(Data extracted from a collection)

──────────────────────────────

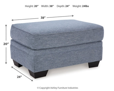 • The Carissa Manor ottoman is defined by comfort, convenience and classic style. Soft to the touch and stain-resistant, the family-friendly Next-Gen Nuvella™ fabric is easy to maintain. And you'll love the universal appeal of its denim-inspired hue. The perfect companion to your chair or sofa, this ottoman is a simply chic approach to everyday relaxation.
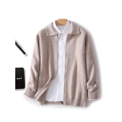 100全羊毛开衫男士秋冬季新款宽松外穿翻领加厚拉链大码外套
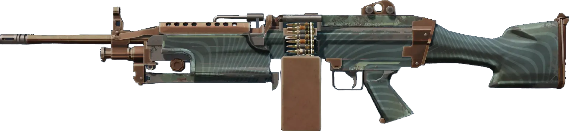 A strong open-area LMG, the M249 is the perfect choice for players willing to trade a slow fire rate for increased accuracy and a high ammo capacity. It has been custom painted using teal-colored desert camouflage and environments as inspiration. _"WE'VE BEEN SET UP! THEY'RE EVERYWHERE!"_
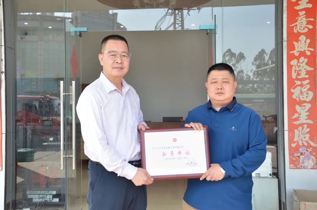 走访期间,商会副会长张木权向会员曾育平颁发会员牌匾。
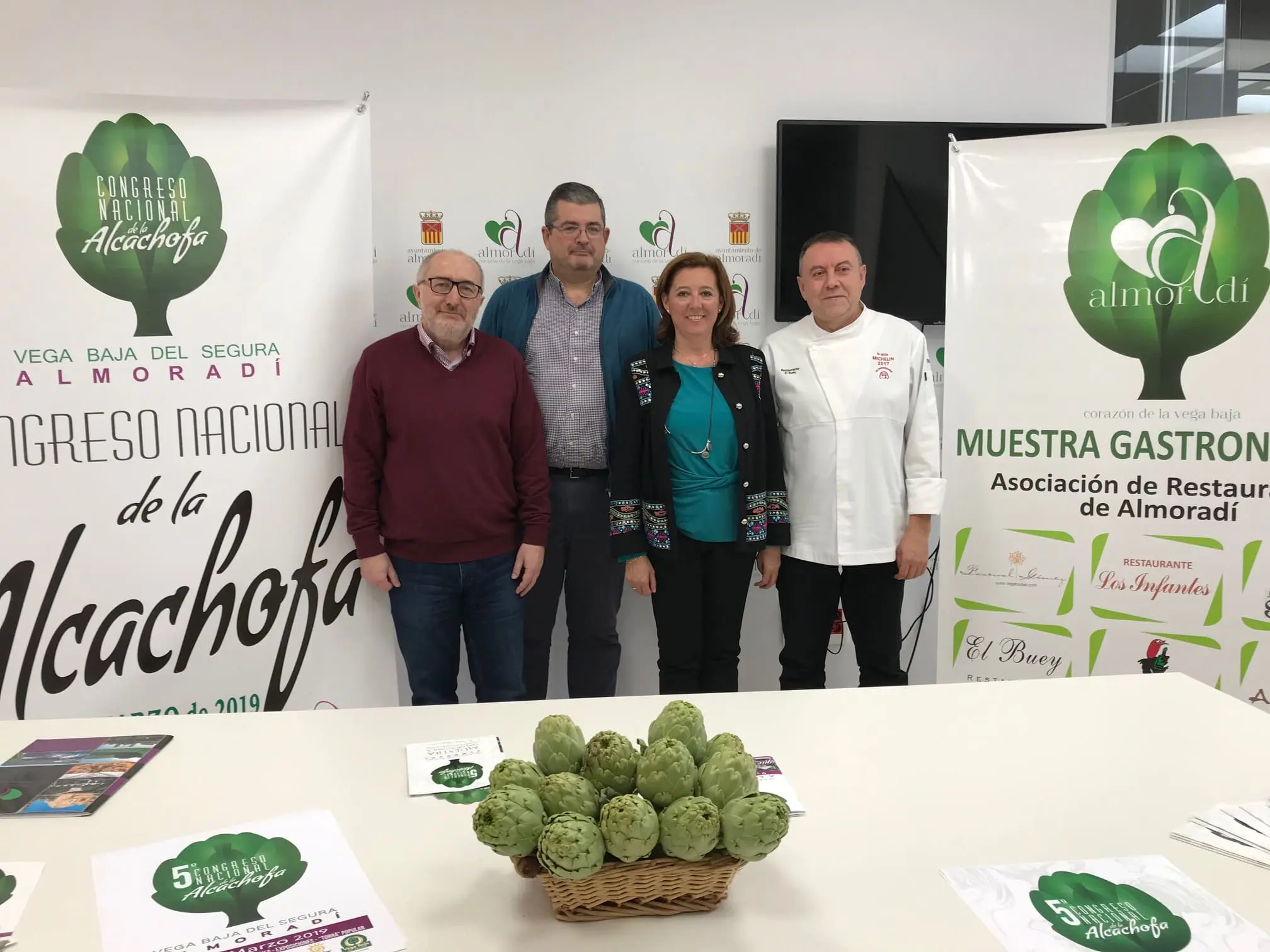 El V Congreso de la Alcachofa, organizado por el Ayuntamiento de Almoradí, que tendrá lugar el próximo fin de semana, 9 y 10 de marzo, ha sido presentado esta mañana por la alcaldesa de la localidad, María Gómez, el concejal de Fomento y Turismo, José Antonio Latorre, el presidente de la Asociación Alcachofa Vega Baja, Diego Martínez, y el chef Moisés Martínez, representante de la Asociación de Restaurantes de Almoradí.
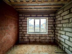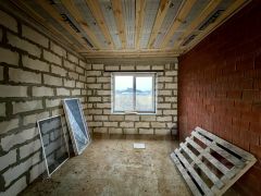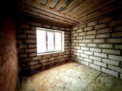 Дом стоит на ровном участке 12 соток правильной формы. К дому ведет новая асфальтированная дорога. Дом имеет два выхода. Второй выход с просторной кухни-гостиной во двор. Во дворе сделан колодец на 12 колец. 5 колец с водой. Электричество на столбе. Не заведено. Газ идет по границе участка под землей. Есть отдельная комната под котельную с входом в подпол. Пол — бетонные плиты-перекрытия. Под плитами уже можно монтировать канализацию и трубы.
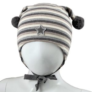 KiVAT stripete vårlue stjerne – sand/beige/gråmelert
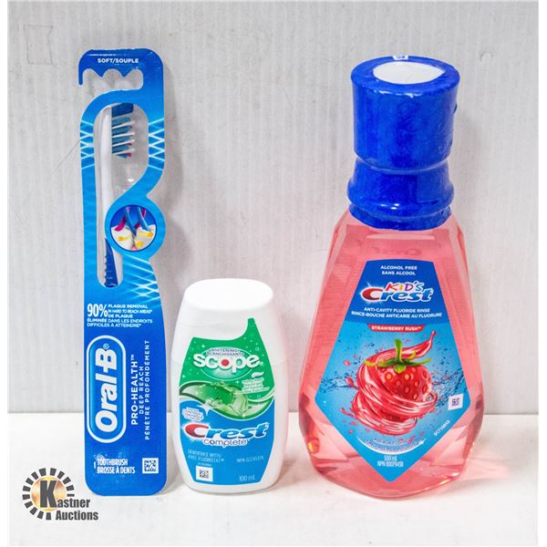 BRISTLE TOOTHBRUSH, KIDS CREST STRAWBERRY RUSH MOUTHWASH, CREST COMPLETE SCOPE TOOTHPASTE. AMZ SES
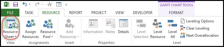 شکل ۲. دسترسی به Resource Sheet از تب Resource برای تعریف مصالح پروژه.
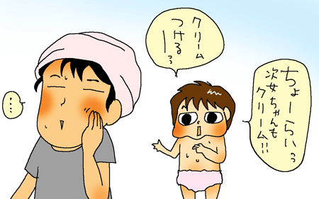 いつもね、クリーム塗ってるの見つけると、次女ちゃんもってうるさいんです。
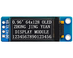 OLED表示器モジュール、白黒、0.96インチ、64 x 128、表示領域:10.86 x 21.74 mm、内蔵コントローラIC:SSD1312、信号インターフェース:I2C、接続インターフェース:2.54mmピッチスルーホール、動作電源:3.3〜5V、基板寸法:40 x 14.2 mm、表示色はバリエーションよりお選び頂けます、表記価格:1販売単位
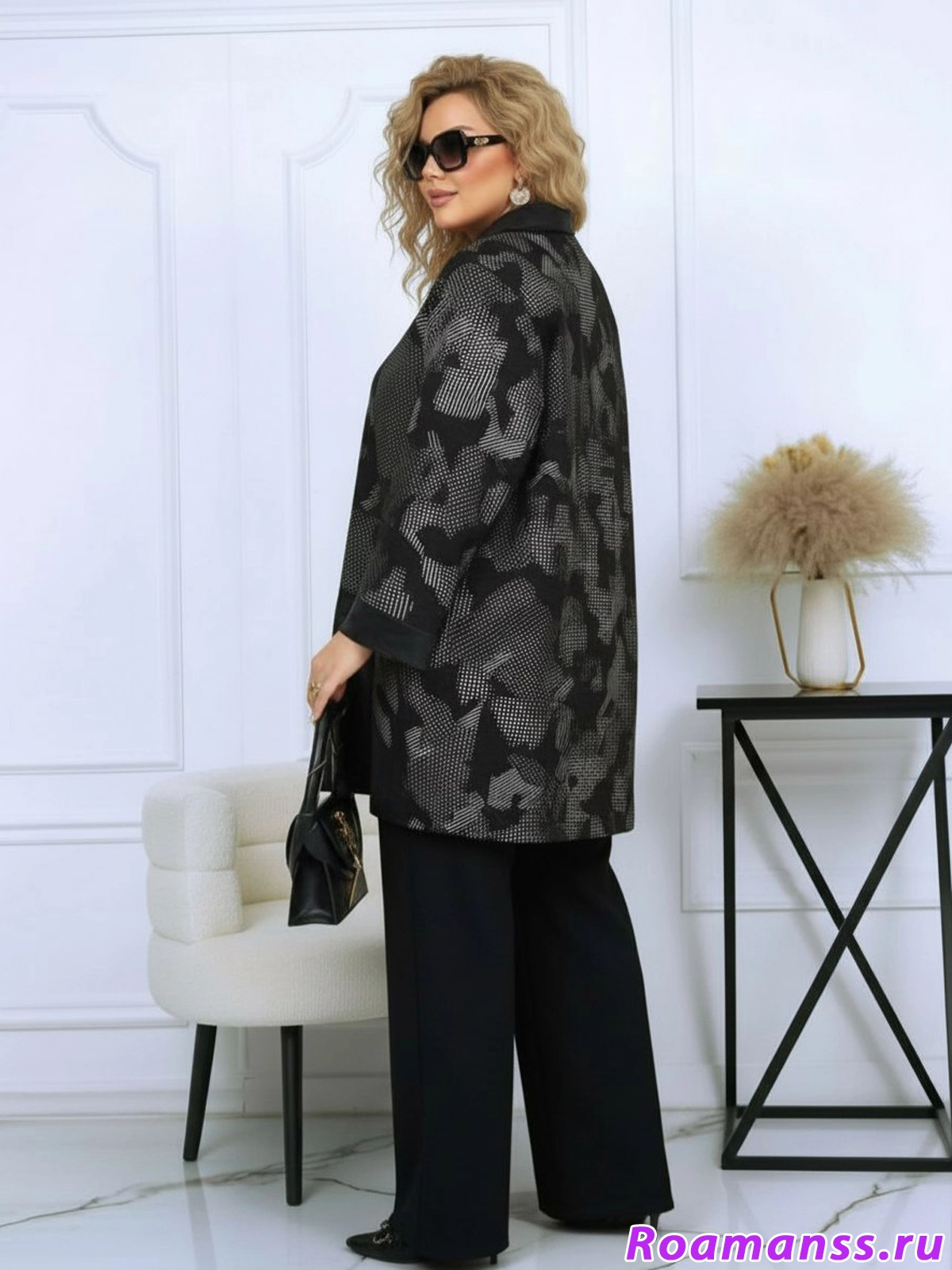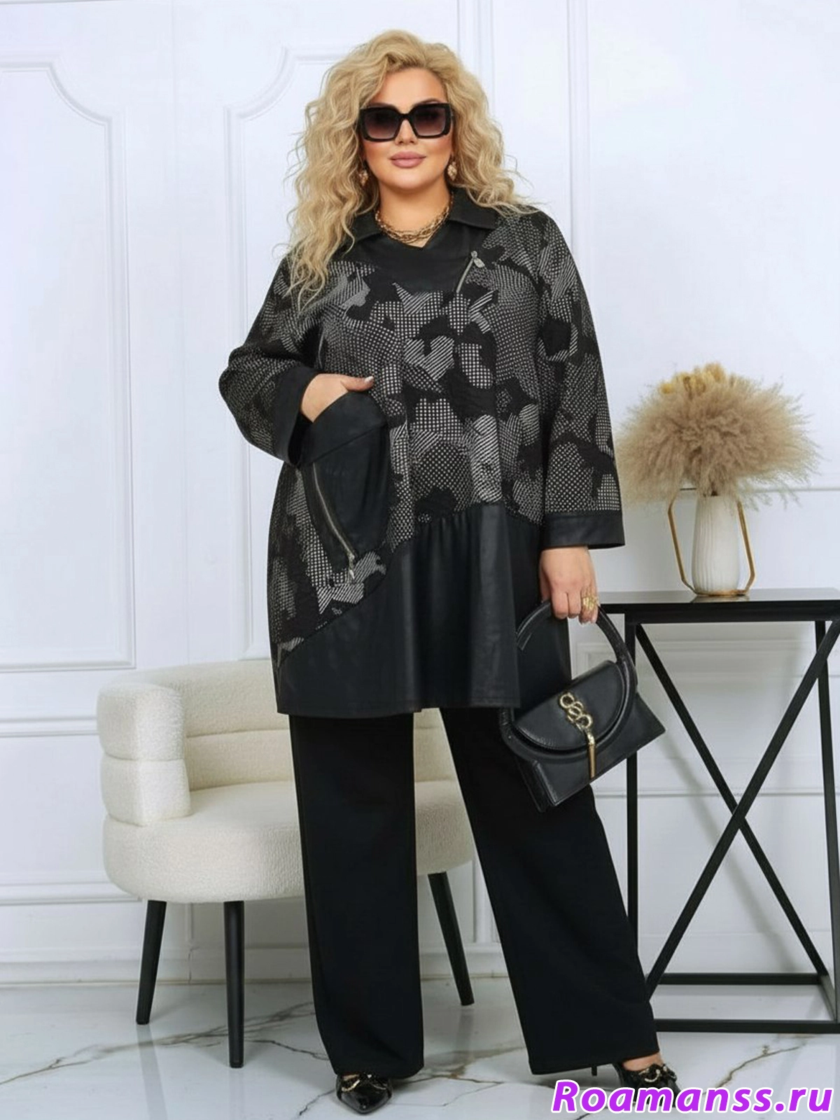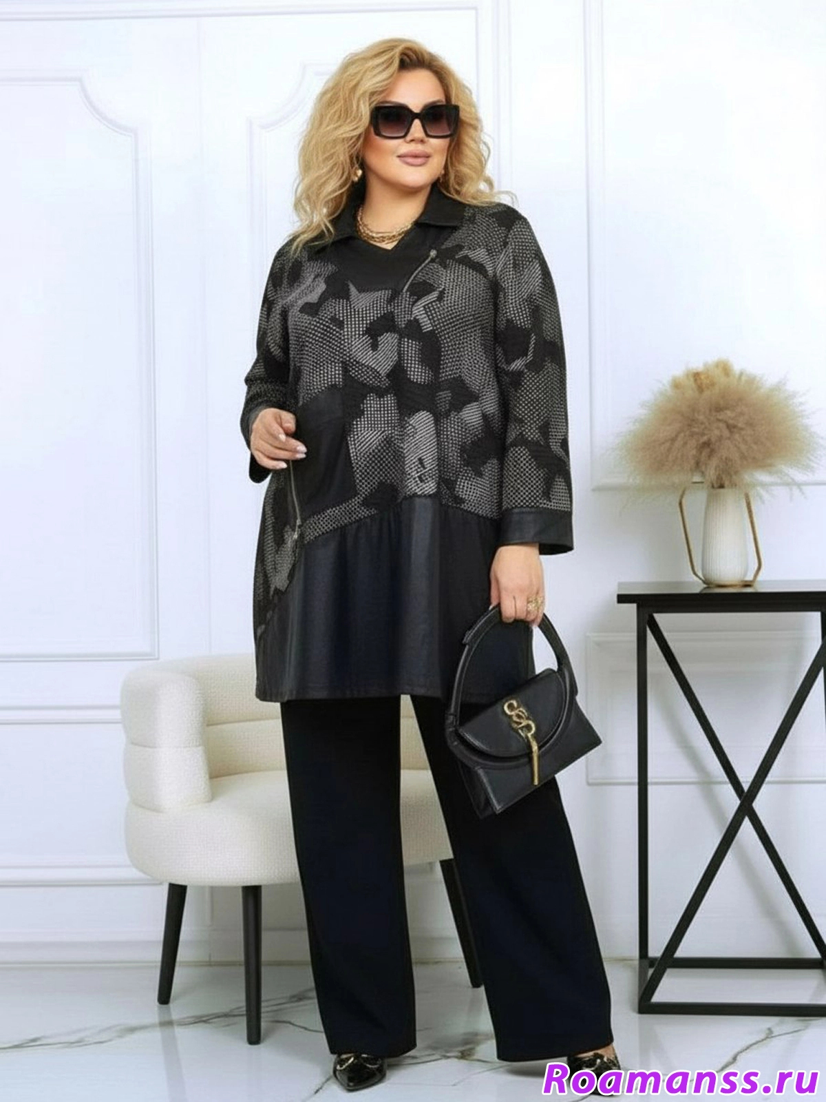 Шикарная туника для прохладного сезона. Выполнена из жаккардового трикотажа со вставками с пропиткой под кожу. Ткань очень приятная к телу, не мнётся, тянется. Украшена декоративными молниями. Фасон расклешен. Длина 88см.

──────────────────────────────

* What you are asked to do *
Your task is to copy the entries in full and exactly, without any images.

* Answer to this task *
 • The Carissa Manor ottoman is defined by comfort, convenience and classic style. Soft to the touch and stain-resistant, the family-friendly Next-Gen Nuvella™ fabric is easy to maintain. And you'll love the universal appeal of its denim-inspired hue. The perfect companion to your chair or sofa, this ottoman is a simply chic approach to everyday relaxation.
 100全羊毛开衫男士秋冬季新款宽松外穿翻领加厚拉链大码外套
 A strong open-area LMG, the M249 is the perfect choice for players willing to trade a slow fire rate for increased accuracy and a high ammo capacity. It has been custom painted using teal-colored desert camouflage and environments as inspiration. _"WE'VE BEEN SET UP! THEY'RE EVERYWHERE!"_
 走访期间,商会副会长张木权向会员曾育平颁发会员牌匾。
 El V Congreso de la Alcachofa, organizado por el Ayuntamiento de Almoradí, que tendrá lugar el próximo fin de semana, 9 y 10 de marzo, ha sido presentado esta mañana por la alcaldesa de la localidad, María Gómez, el concejal de Fomento y Turismo, José Antonio Latorre, el presidente de la Asociación Alcachofa Vega Baja, Diego Martínez, y el chef Moisés Martínez, representante de la Asociación de Restaurantes de Almoradí.
 Дом стоит на ровном участке 12 соток правильной формы. К дому ведет новая асфальтированная дорога. Дом имеет два выхода. Второй выход с просторной кухни-гостиной во двор. Во дворе сделан колодец на 12 колец. 5 колец с водой. Электричество на столбе. Не заведено. Газ идет по границе участка под землей. Есть отдельная комната под котельную с входом в подпол. Пол — бетонные плиты-перекрытия. Под плитами уже можно монтировать канализацию и трубы.
 KiVAT stripete vårlue stjerne – sand/beige/gråmelert
 BRISTLE TOOTHBRUSH, KIDS CREST STRAWBERRY RUSH MOUTHWASH, CREST COMPLETE SCOPE TOOTHPASTE. AMZ SES
 شکل ۲. دسترسی به Resource Sheet از تب Resource برای تعریف مصالح پروژه.
 いつもね、クリーム塗ってるの見つけると、次女ちゃんもってうるさいんです。
 OLED表示器モジュール、白黒、0.96インチ、64 x 128、表示領域:10.86 x 21.74 mm、内蔵コントローラIC:SSD1312、信号インターフェース:I2C、接続インターフェース:2.54mmピッチスルーホール、動作電源:3.3〜5V、基板寸法:40 x 14.2 mm、表示色はバリエーションよりお選び頂けます、表記価格:1販売単位
 Шикарная туника для прохладного сезона. Выполнена из жаккардового трикотажа со вставками с пропиткой под кожу. Ткань очень приятная к телу, не мнётся, тянется. Украшена декоративными молниями. Фасон расклешен. Длина 88см.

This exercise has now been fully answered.